### DATA FOR THIS EXERCISE
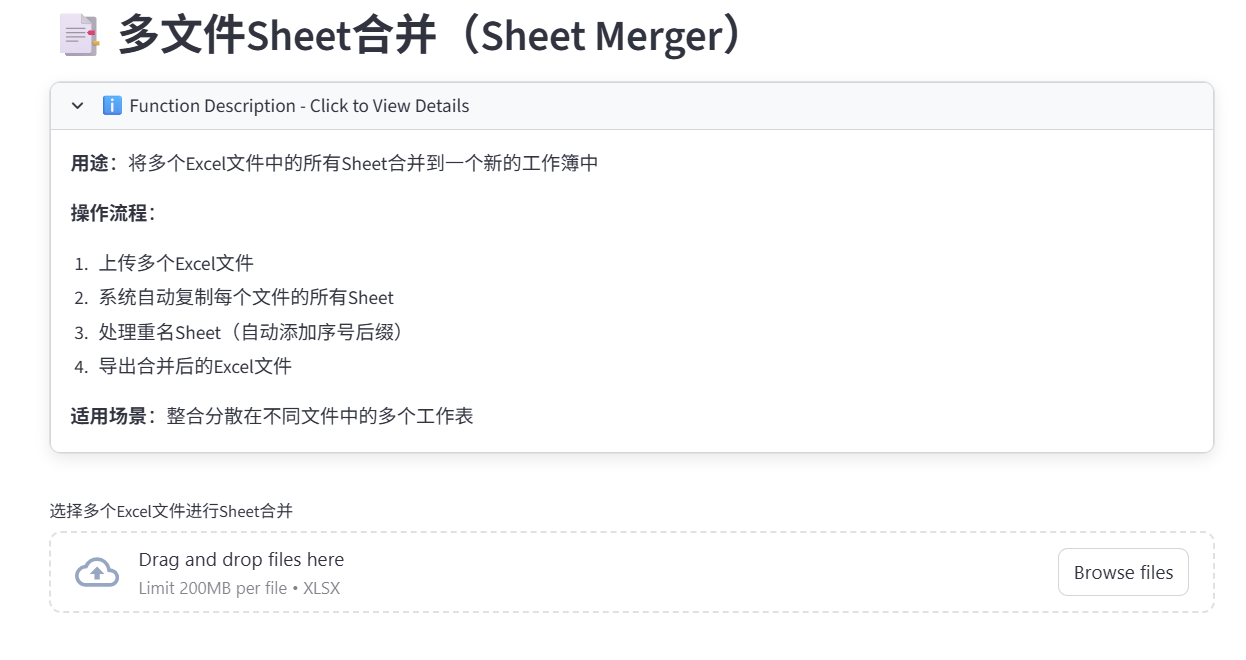 多文件的Sheet合并,导入多个Excel后,它会把所有Excel的所有Sheet合并到一张Excel中。
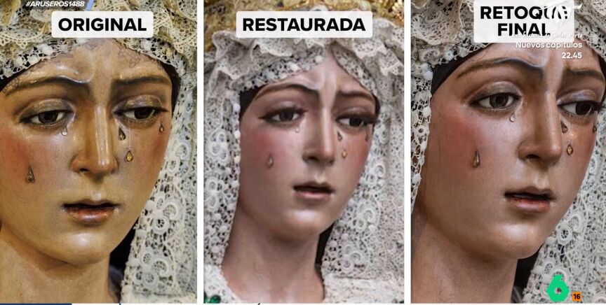 Tras contemplar el vídeo de una señora sevillana quejándose del "asesinato" que han perpetrado contra su Virgen Macarena, en el plató de Aruser@s analizan al detalle esta polémica restauración.
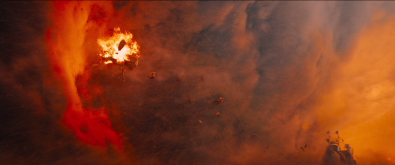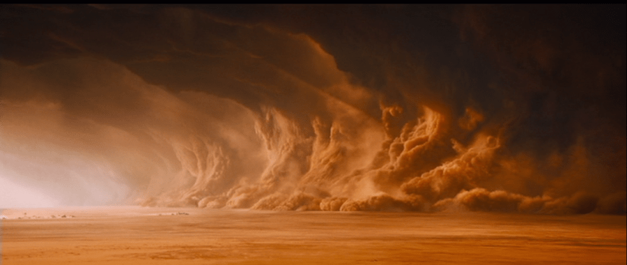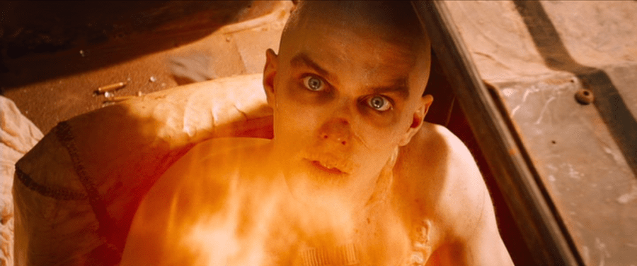 Miller can’t help himself here; Nux is lit up with flames as a sort of immediate and potentially even eternal foreshadowing, which is harsh. “Witness me,” he says hoarsely, which Capable does. He then ensures their safety for good; he got his wish to drive the war rig, but surely his wish did not involve flipping the beast on its head.
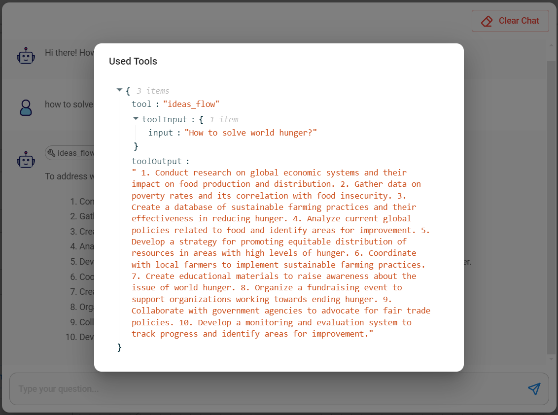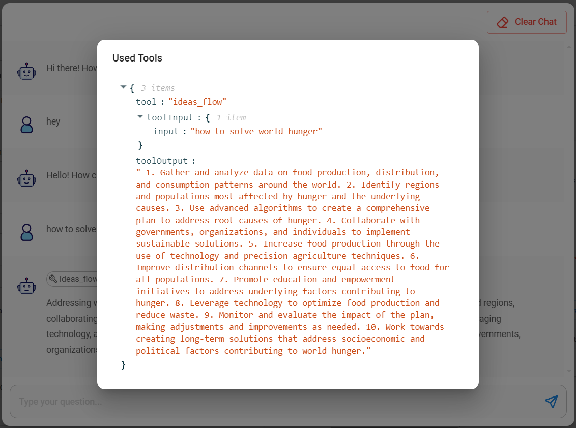 - Each children flow as tool will execute on its own, with separate memory to allow cleaner output
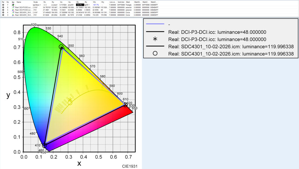 実際に測定データを見ると、単に色域が広いだけでなく、トーンカーブ(ガンマ)の暴れが少なく自然でした。派手に盛って“ビビッドに見せる”方向ではなく、明るさのつながりが滑らかで、暗部〜中間調〜ハイライトまでのバランスが取りやすい印象です。
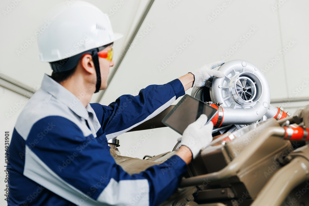 Diagnostics on turbocharged engines of mining truck in garage, Mechanic with tablet computer fix problem
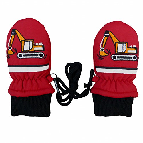 ミトン 男の子 ベビー 手袋 グローブ 撥水 裏ボア ひも付 レッド-ショベルカー 3-4才

### EXERCISE PROMPT
The material above should be printed again exactly, with each picture left out.

### TASK RESULT
 多文件的Sheet合并,导入多个Excel后,它会把所有Excel的所有Sheet合并到一张Excel中。
 Tras contemplar el vídeo de una señora sevillana quejándose del "asesinato" que han perpetrado contra su Virgen Macarena, en el plató de Aruser@s analizan al detalle esta polémica restauración.
 Miller can’t help himself here; Nux is lit up with flames as a sort of immediate and potentially even eternal foreshadowing, which is harsh. “Witness me,” he says hoarsely, which Capable does. He then ensures their safety for good; he got his wish to drive the war rig, but surely his wish did not involve flipping the beast on its head.
 - Each children flow as tool will execute on its own, with separate memory to allow cleaner output
 実際に測定データを見ると、単に色域が広いだけでなく、トーンカーブ(ガンマ)の暴れが少なく自然でした。派手に盛って“ビビッドに見せる”方向ではなく、明るさのつながりが滑らかで、暗部〜中間調〜ハイライトまでのバランスが取りやすい印象です。
 Diagnostics on turbocharged engines of mining truck in garage, Mechanic with tablet computer fix problem
 ミトン 男の子 ベビー 手袋 グローブ 撥水 裏ボア ひも付 レッド-ショベルカー 3-4才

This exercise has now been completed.